Read The Full Model Code
Roadone uses model families for different jobs. One model may be built for long-haul drive axles, another for trailer use, and another for mixed road service. “Roadone” alone is not enough detail to judge a tire.
Match The Tire To The Job
A dump route, line-haul lane, and city-delivery run punish tires in different ways. Buy by route and axle position, not by brand name alone.
Check The Date Code
The last four digits in the DOT code show the week and year of manufacture. That tells you whether you’re buying fresh stock or an older tire that has been sitting in storage.

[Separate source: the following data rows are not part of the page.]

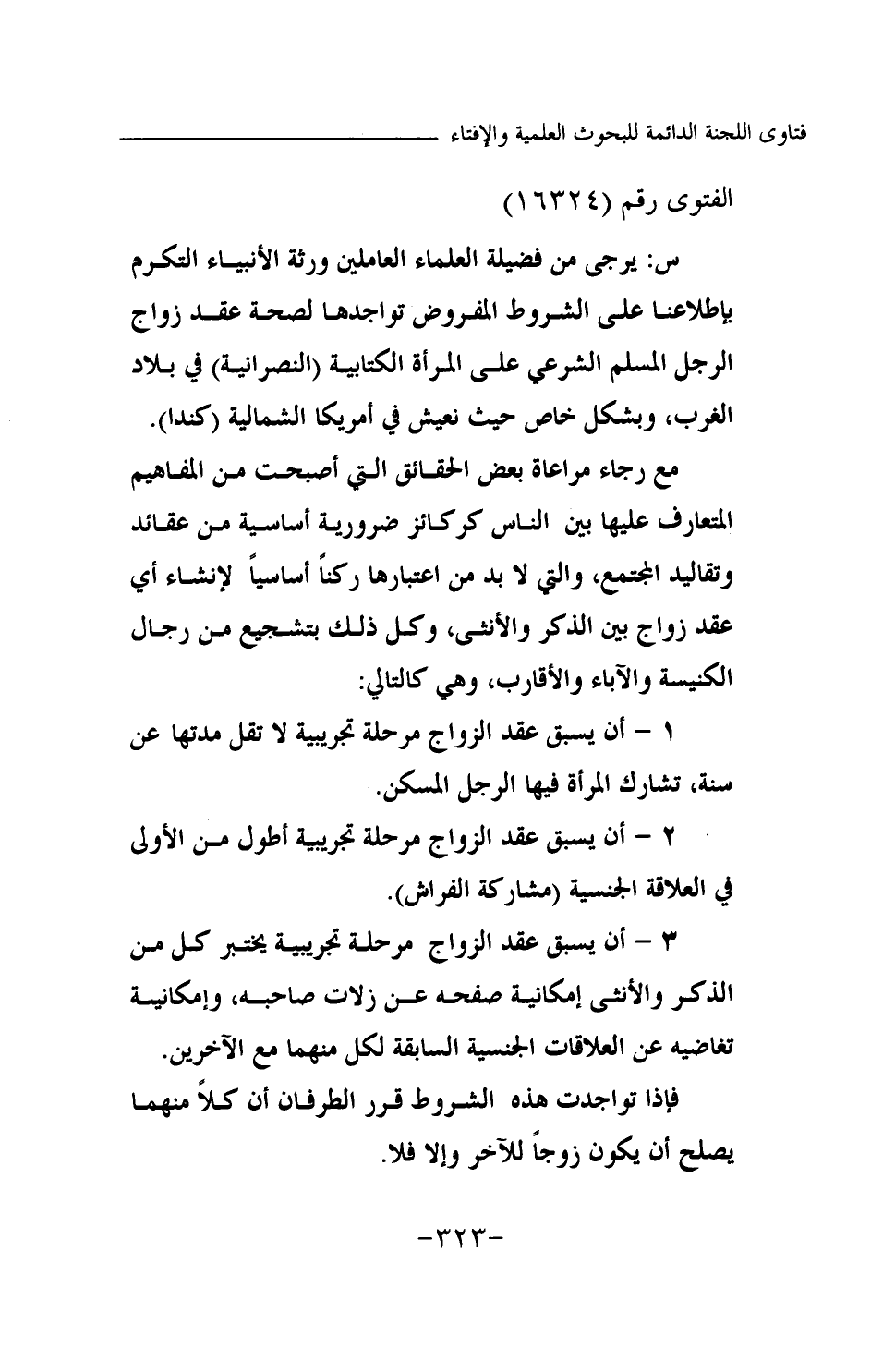 س: يرجى من فضيلة العلماء العاملين ورثة الأنبياء التكرم بإطلاعنا على الشروط المفروض تواجدها لصحة عقد زواج الرجل المسلم الشرعي على المرأة الكتابية (النصرانية) في بلاد الغرب، وبشكل خاص حيث نعيش في أمريكا الشمالية (كندا)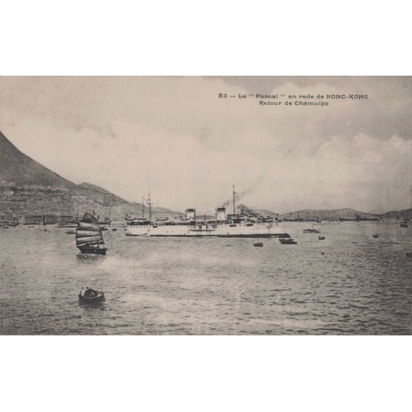 INDOCHINE - ESCADRE DE L'INDOCHINE - LE PASCAL EN RADE DE HONGKONG - RETOUR DE CHEMULPO - BATAILLE DE CHEMULPO GUERRE RUSSO-JAPONAISE - NON CIRCULEE.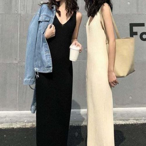 [셀럽하우스]끈나시 DDRR5042 뷔스티에 롱원피스 LLD153 니트 원피스 드레스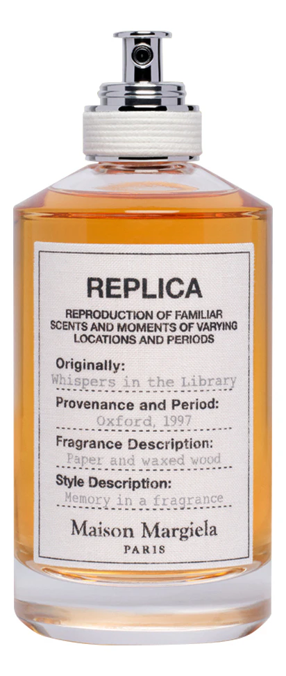 Margiela Replica Whispers In The Library —нишевая парфюмерная вода с восточно-древесным ароматом для женщин и мужчин, созданная в 2019 году французским модным домом одежды и аксессуаров класса «люкс» Maison Martin Margiela. Аристократичный, шикарный и благородный унисекс-парфюм ReplicaWhispersInTheLibrary словно дышит непередаваемым элегантным ароматом дорогих сигар, старинного виски, собрания книг и неспешной беседы на фоне яркого огня от потрескивающих в камине бревен библиотеки древнего замка.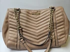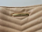 Nice Steve Madden Tan And Gold Quilted Purse has some small wear marks that are shown in the pictures.

Ask For A Photo Of The Sidewall
If you’re buying online, ask the seller for a clear sidewall photo before payment. That one step can confirm size, load range, build date, and other markings that a thin product listing leaves out.
Get The Warranty Terms In Writing
A seller who cannot show the warranty path is asking you to trust a verbal promise. Get the invoice, claim steps, and defect terms in writing so there is no fog later.
What The Brand Name Really Tells You
Roadone tells you the badge on the tire. The maker behind that badge, based on the brand’s own material, is the Hixih and Tongli side of the business. That is the answer most shoppers are after, and it stays steady once you strip away reseller noise.
So if you came here wanting one clean line, here it is: Roadone tires are made under Tongli Tyre and Hixih Rubber Industry Group, with the brand centered on commercial truck tire production and a brand history that mentions long-running cooperation with Pirelli. Buy the exact model for the exact job, verify the sidewall markings, and you’ll be shopping with both eyes open.
References & Sources
- Roadone / Tongli Tyre.“Roadone.”States that Roadone is a truck-tyre brand launched by Hixih Rubber Industry Group and tied to Tongli Tyre operations.
- Electronic Code of Federal Regulations.“49 CFR Part 574 — Tire Identification and Recordkeeping.”Sets out U.S. rules for tire identification records, which helps readers verify DOT sidewall information.